自然の力を借りて治療や健康増進を行うことができる場所や地域のこと。ドイツ発祥の考え方で、独単語「クアオルト(Kurort)」は療養地や健康保養地と訳される。「治療や手当のための滞在」を意味するクア(Kur)と「場所や地域」を意味するオルト(Ort)が組み合わさったできた言葉。

 ドイツでは、国が認めたクアオルト(特定の地域や自治体)に医師や看護師、理学療法士などの専門家が往診・常駐している保養施設が設置されており、医療保険を使って療養することができる。手術後の体力回復や精神疾患患者の療養、健康づくりなど、その目的は多岐に渡る。

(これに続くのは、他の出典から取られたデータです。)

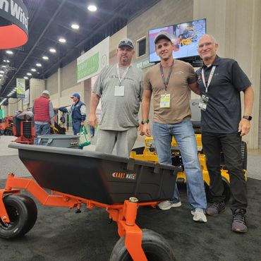 Kart Mate PRO is the world's first commercial articulating kart that mounts to the front of most zero turn or stander mowers. Kart Mate PRO can carry 500 lbs and allow you to travel at the top speed of your mower without adding stress to the mower because you are only pushing it, not adding weight to the mower. The tub can be dumped forward and the entire kart can be lifted vertically on the mower to take up as little space on your trailer. The front casters can also fold in so you can pass through small gates.
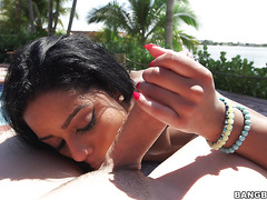 Dark Latina teen Aaliyah Grey devouring dick in the pool
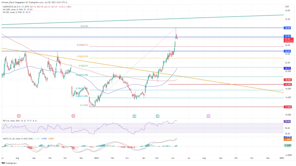 Nach dem Ausbruch über die Abwärtstrendlinie (orange Linie im Chart) kannte Morphosys kein Halten mehr. Zwar konsolidierte sie kurz im Bereich des Oktober-Hoch 2022 bei 24,63 Euro. Doch nachdem sie diesen Widerstand überwunden hatte, sprang sie innerhalb von drei Handelstagen auf das prognostizierte Ziel von 30 Euro.

 具体的には、(1)温泉や泥、蒸気など土壌に由来するもの、(2)海水や海風、海の泥などの海に由来するもの、(3)太陽光線や清浄な空気など気候に由来するもの、(4)クナイプ療法、のいずれかの要素を活用して療養する。クナイプ療法とは、1800年代にドイツのセバスチャン・クナイプ神父が確立したもので、自然の力を利用して人が本来持っている自然治癒力を高めることを追求した健康法である。(1)~(4)のどの要素を活用するかや、どこのクアオルトに滞在するかは、症状などに応じて選択する。